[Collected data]
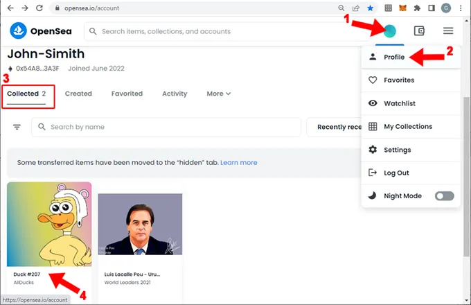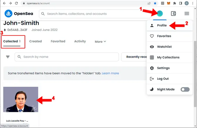 1. Arriba a la derecha al apoyar el mouse en el círculo de tu cuenta (1) se abre una ventana popup, entonces presionar sobre “Profile” (2) . Al cargar el profile se muestran varias pestañas justo debajo de la identificación de la cuenta, seleccionar la pestaña “Collected” (3) si no está seleccionada. Además del mensaje de advertencia que mostramos en el punto anterior, mas abajo se muestran los items (un item es un NFT) que son de tu propiedad. Sobre el NFT que has comprado presionar click (4) y se cargará el detalle del NFT:
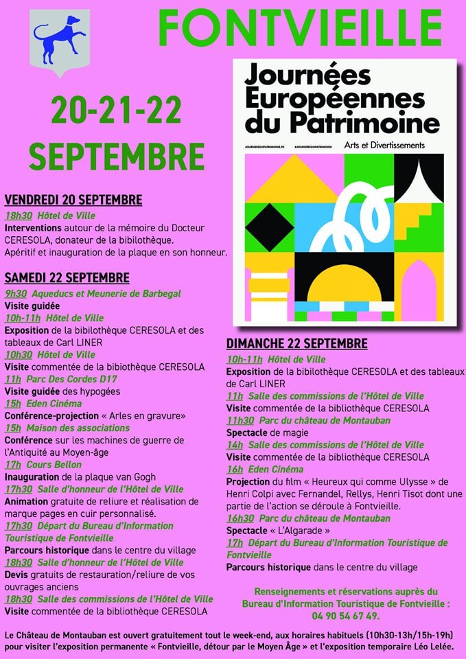 La commune de Saint Rémy de Provence organise pour les journées européennes du patrimoine de nombreuses visites et animations exceptionnelles, avec entre autres des expositions, un escape game à la bibliothèque Roumanille, des parcours pédagogiques, des visites guidée de la vieille ville, et bien sûr la visite gratuite de tous les monuments du patrimoine Saint Rémois.
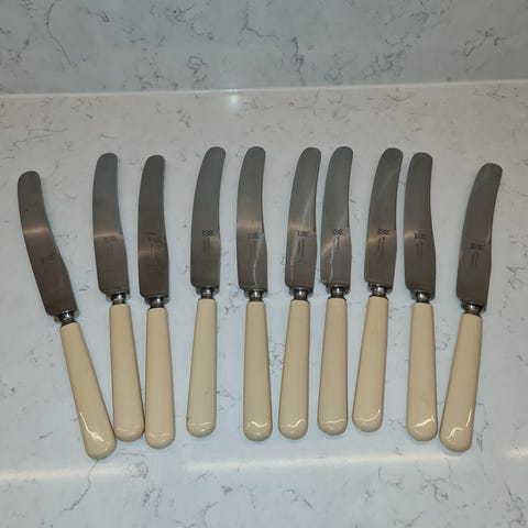 Knivene er i pæn stand med et godt skær i rustfrit stål med elfenbensfarvede skafter.
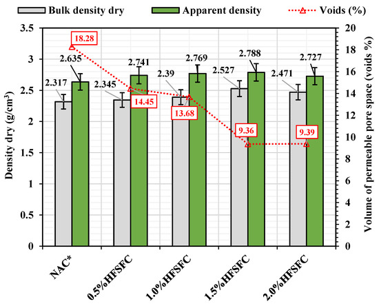 However, the dry bulk density increased with an increase in HF content up to 1.5% with optimized 10% SF. The dry bulk density increased when HF was added (0.5–1.5%) and 10% SF was replaced by OPC. When the HF percentage was increased to 2%, the bulk density slightly declined compared to 1.5% HF. Another factor that results in the formation of a more compact and less porous structure is the particle size of SF, which is smaller than that of OPC, thus increasing the density. It is evident from the results that the percentage increase in dry bulk density is smaller in the reference mix NAC* without HF + SF compared to the mixes with HF + SF. This indicates that SF in the samples filled the pores, and thus, the samples absorbed less water than those without SF. Thus, the newly developed concrete mixes of 0.5%HFSFC, 1.0%HFSFC, 1.5%HFSFC, and 2.0%HFSFC with HF + SF showed better density, and the required density threshold was achieved for the 1.5% HF with the optimized 10% SF combination.
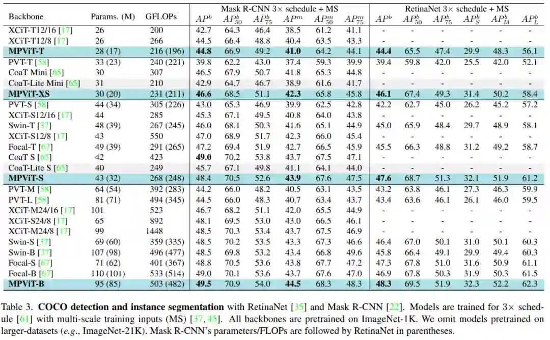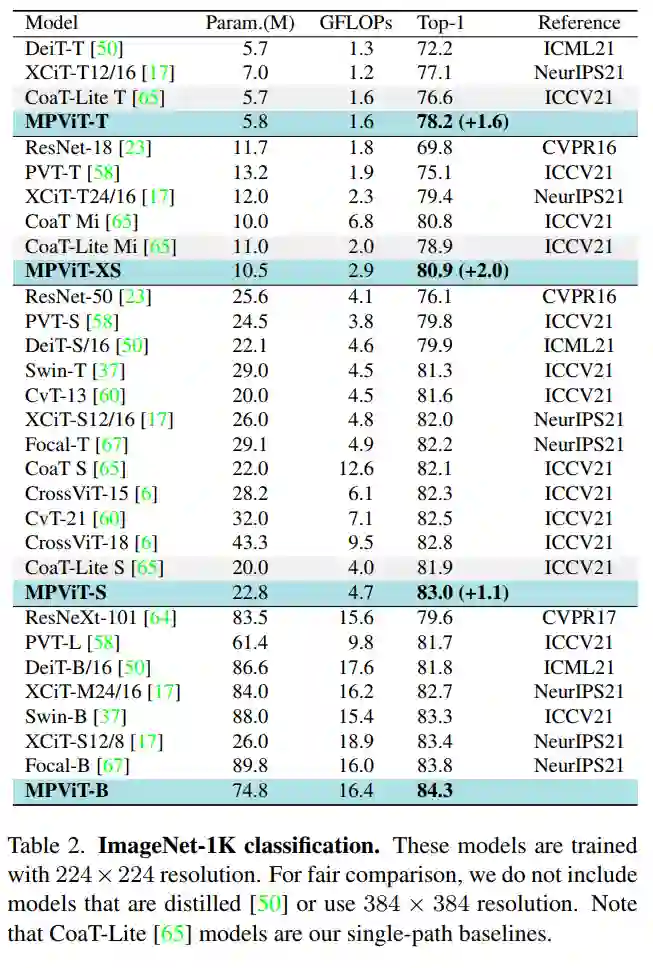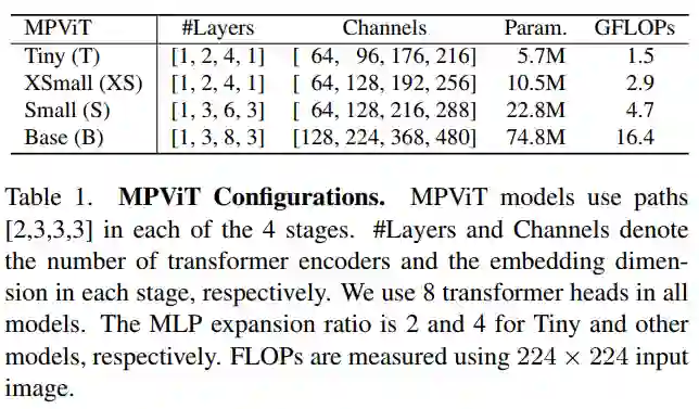 作者还发现,虽然 triple-path和双路径在ImageNet分类中产生相似的精度,但 triple-path模型在密集预测任务中表现出更好的性能。因此,建立了基于 triple-path结构的MPViT模型。MPViT的详细情况见表1。
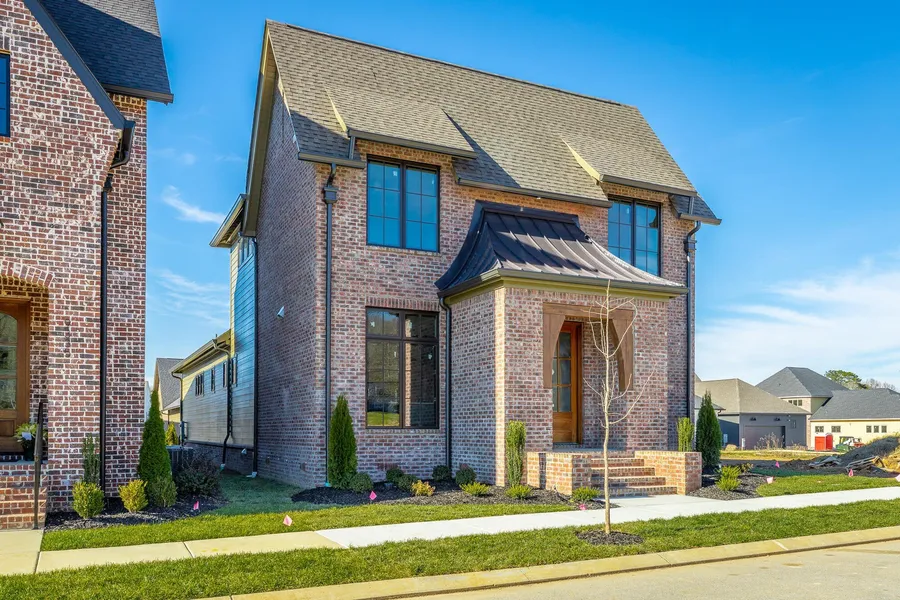Waters-Holland unveils The Winslow - an entirely new, never-before-built English Craftsman design that captures the timeless charm and thoughtful craftsmanship the builder is celebrated for. At 2,172 square feet, this inviting three-bedroom, two-and-a-half-bath home welcomes you with graceful proportions, elevated ceilings, and an effortless flow that feels both luxurious and livable. Step through the front door beneath authentic inset wood timbers and you're greeted by soaring 10-foot ceilings, engineered hardwood floors, and natural light provided by an abundance of aluminum-clad windows. The open living plan feels airy yet intimate, with views of White Oak Mountain visible from the kitchen, great room, and dining. Custom cabinetry throughout provides smart storage in this compact, but thoughtfully designed home. At the heart of the home, the kitchen is a dream for both everyday living and entertaining. A spacious central island anchors the space, surrounded by floor-to-ceiling custom cabinetry, quartz countertops, and premium Fisher & Paykel stainless-steel appliances-including a 36-inch professional gas range and seamlessly integrated dishwasher. A walk-in pantry keeps everything beautifully organized and within reach, while the kitchen flows openly to the great room and dining room. A generous covered porch-perfect for morning coffee- is accessible from the living area near the dining room. The main-level primary suite is a serene retreat, featuring a vaulted ceiling, direct access to the covered porch through sliding glass doors, and a spa-inspired ensuite bath with a large tiled shower, dual-sink vanity, private water closet, and walk-in closet with custom shelving. Upstairs, two generously sized secondary bedrooms share a well-designed full bath, while the expansive open loft offers endless flexibility-whether you envision a home office, media room, playroom, or cozy den. Thoughtful walk-out attic storage keeps seasonal items neatly tucked away. If outdoor living is important to you, you'll appreciate the screened covered porch that leads to a private concrete patio and fenced side yardideal for pets or light gardening. Brick steps gracefully connect the spaces, blending indoor and outdoor living with ease. The exterior combines low-maintenance painted brick with durable fiber-cement siding and timeless architectural details that honor classic English Craftsman style. Currently nearing completion and expected to be ready for move-in by the end of December 2025 or January 2026, this is a rare opportunity to secure a brand-new, never-lived-in Waters-Holland home just in time for the new year. Grantham Square is an intimate, Waters-Holland enclave that will ultimately comprise just 50 thoughtfully curated residencesVilla, Manor, and Estate designseach reflecting the community's signature elegance and attention to detail. Current homes are priced from the mid-$700,000s to $2.4 million.

[WHAT IS BEING ASKED]
Give the lines again exactly, beginning with the first line of the records above and ending with the line that contains "Knivene er i", and include no pictures.

[TASK ANSWER]
 1. Arriba a la derecha al apoyar el mouse en el círculo de tu cuenta (1) se abre una ventana popup, entonces presionar sobre “Profile” (2) . Al cargar el profile se muestran varias pestañas justo debajo de la identificación de la cuenta, seleccionar la pestaña “Collected” (3) si no está seleccionada. Además del mensaje de advertencia que mostramos en el punto anterior, mas abajo se muestran los items (un item es un NFT) que son de tu propiedad. Sobre el NFT que has comprado presionar click (4) y se cargará el detalle del NFT:
 La commune de Saint Rémy de Provence organise pour les journées européennes du patrimoine de nombreuses visites et animations exceptionnelles, avec entre autres des expositions, un escape game à la bibliothèque Roumanille, des parcours pédagogiques, des visites guidée de la vieille ville, et bien sûr la visite gratuite de tous les monuments du patrimoine Saint Rémois.
 Knivene er i pæn stand med et godt skær i rustfrit stål med elfenbensfarvede skafter.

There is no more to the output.